During the perioperative care of patients with a KCNH2 gene mutation, considerations may involve the associated seizure disorder as well as the potential for cardiac arrhythmias. Preoperative management to limit the potential for perioperative seizures includes optimizing and confirming therapeutic anticonvulsant levels prior to the surgical procedure. Routine anticonvulsant medications should be administered the morning of the procedure despite concerns of the patient’s nil per os status with subsequent intraoperative dosing as needed [9]. Alternative routes of delivery may be required when enteral administration is not feasible during the perioperative period. When selecting specific agents for the induction and maintenance of anesthesia in patients with an underlying seizure disorder, there is limited evidence-based medicine [10, 11]. Although clinical seizure-like activity and even occasional spike and wave activity on the EEG has been reported with sevoflurane, these effects generally occur only when the inspired concentration is rapidly increased during anesthetic induction [12]. Specific agents such as etomidate or methohexital may activate the electroencephalogram and have the potential to augment seizure activity. However, in general, the inhalational and intravenous anesthetic agents including the barbiturates, benzodiazepines, propofol, ketamine, and the inhalational anesthetic agents are anticonvulsants and have been used to treat status epilepticus [10, 11, 13].

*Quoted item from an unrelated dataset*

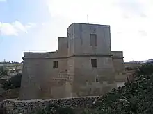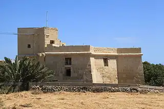La forma de la torre es una Cruz de San Andrés con dieciséis lados. El salón en el centro de la torre es a prueba de bombas, mientras que el piso superior quedó sin terminar. Toda la torre está rodeada por un foso seco de 2 metros de profundidad, y mientras se excavaba se descubrió una tumba fenicia o romana. La torre no tiene aspilleras de mosquetería u otras características defensivas, pero fue lo suficientemente fuerte como para proteger a la familia Mamo y hasta 80 granjeros de los campos circundantes en una incursión breve de los corsarios berberiscos que desembarcaron en St Thomas Bay.[1]
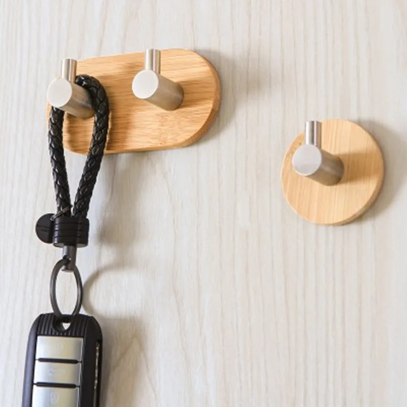 Настенная вешалка для одежды и сумок из натурального бамбука и нержавеющей стали

Cardiac involvement and clinical manifestations in patients with KCNH2 gene mutation include sudden death or syncope related to cardiac arrhythmias including ventricular fibrillation or polymorphic ventricular tachycardia, predominantly due to LQTS. Patients with a family history of previous sudden unexplained death, syncope, or cardiac arrhythmias may require a more thorough cardiology evaluation prior to anesthetic care. In our patient, given the lack of a concerning family history, and a normal QTc on the ECG, we decided to proceed with anesthetic care. QT prolongation can be acquired (related to metabolic disorders or medications) or originate from a genetic disorder (LQTS). The normal range of the QTc varies by age and gender, with the QTc being slightly longer in females. Prolonged QTc is defined as > 450 ms in males and > 460 ms in females. With increasingly longer QTc values, the probability of a patient having an LQTS-causing mutation increases as does the risk of lethal arrhythmias.Perioperative care of patients with a prolonged QT interval involves avoidance of medications and conditions that may further prolong the QT interval. Electrolyte imbalances including hypokalemia, hypomagnesemia, and hypocalcemia should be corrected prior to anesthetic care.Furthermore, rapid access to the defibrillator is suggested and when clinically feasible, defibrillator pads should be placed prior to anesthetic care in patients with a prolonged QTc. In our patient, as we were providing anesthetic care for MRI, the defibrillator was located in zone 2 in the event that it was needed. The potential implications of various anesthetic agents (inhaled and intravenous) and recommendations for perioperative care in patients with a prolonged QT interval have been reviewed elsewhere [14, 15]. In our patient, we chose to keep intraoperative care relatively simple using sevoflurane and propofol. We chose not to use ondansetron for prophylaxis against postoperative nausea and vomiting given its potential impact on the QT interval. A repeat ECG was obtained, which revealed a normal QTc again, following anesthetic care prior to discharge home.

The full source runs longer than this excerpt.